Let’s now create SearchSpace for hidden_size (an integer range) and activation (a discrete set):
The syntax for search space for model hyperparameters is:
search_space = {
"model_config.<parameter 1>": search_space_1,
"model_config.<parameter 2>": search_space_2,
...
}
my_search_space = {
"model_config.hidden_size": SearchSpace(
value_range=[250, 500], value_type="int"
),
"model_config.activation": SearchSpace(
categorical_values = ["relu","elu"]
),
}
Putting everything into one:
my_search_space = {
"train_config.optimizer_config.arguments.lr": SearchSpace(
value_range = [0.01, 0.05],
value_type = "float"
),
"train_config.optimizer_config.arguments.eps": SearchSpace(
value_range = [1e-9, 1e-7],
value_type = "float"
),
"train_config.optimizer_config.arguments.weight_decay": SearchSpace(
value_range = [1e-4, 1e-3],
value_type = "float"
),
"train_config.scheduler_config.arguments.min_lr": SearchSpace(
value_range = [1e-6, 1e-4],
value_type = "float"
),
"train_config.scheduler_config.arguments.threshold": SearchSpace(
value_range = [1e-5, 1e-3],
value_type = "float"
),
"train_config.batch_size": SearchSpace(
categorical_values = [32, 64, 128]
),
"train_config.epochs": SearchSpace(
value_range = [10, 20],
value_type = "int"
),
"model_config.hidden_size": SearchSpace(
value_range=[250, 500], value_type="int"
),
"model_config.activation": SearchSpace(
categorical_values = ["relu","elu"]
)
}
Finally, my_search_space dictionary is passed to the ParallelConfig. This will be explored in more detail in Hyperparameter Optimization tutorial.

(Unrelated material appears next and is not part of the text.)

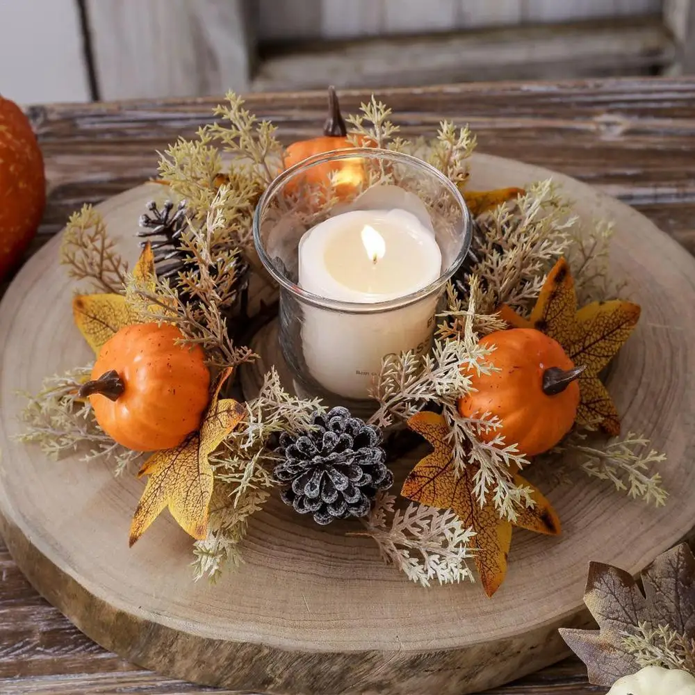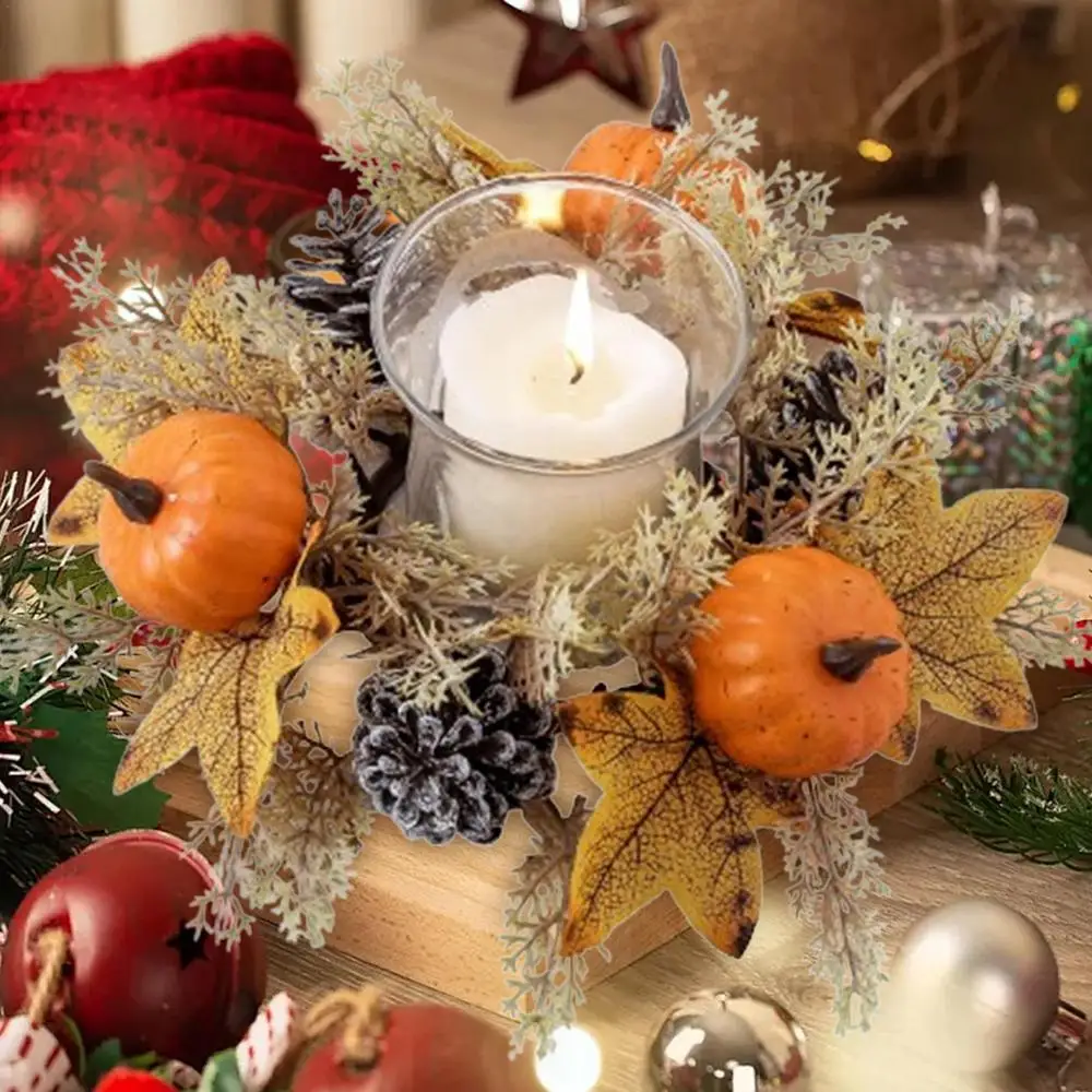 Fall Candle Ring 9.8Inch Maple Leaves Harvest Day Wreath Ring Holder Small Wreath Pillar Candle Holder Farmhouse Wreath Festival

SearchSpace in YAML files#
If you are using a YAML file to define configurations, we can specify a search space as follows:
# other configurations ...
search_space:
model_config.hidden_size:
value_range:
- '250'
- '500'
categorical_values: null
value_type: int
train_config.optimizer_config.arguments.lr:
value_range:
- '0.001'
- '0.01'
categorical_values: null
value_type: float
model_config.activation:
value_range: null
categorical_values:
- relu
- leakyRelu
- elu
value_type: float
# other configurations ...
Conclusion#
In this tutorial, we have demonstrated how to create search space objects and how to utilize them to define search space for various hyperparameters. In the subsequent tutorial, we will explain how to use search_space with ParallelConfig to launch a parallel ablation experiment.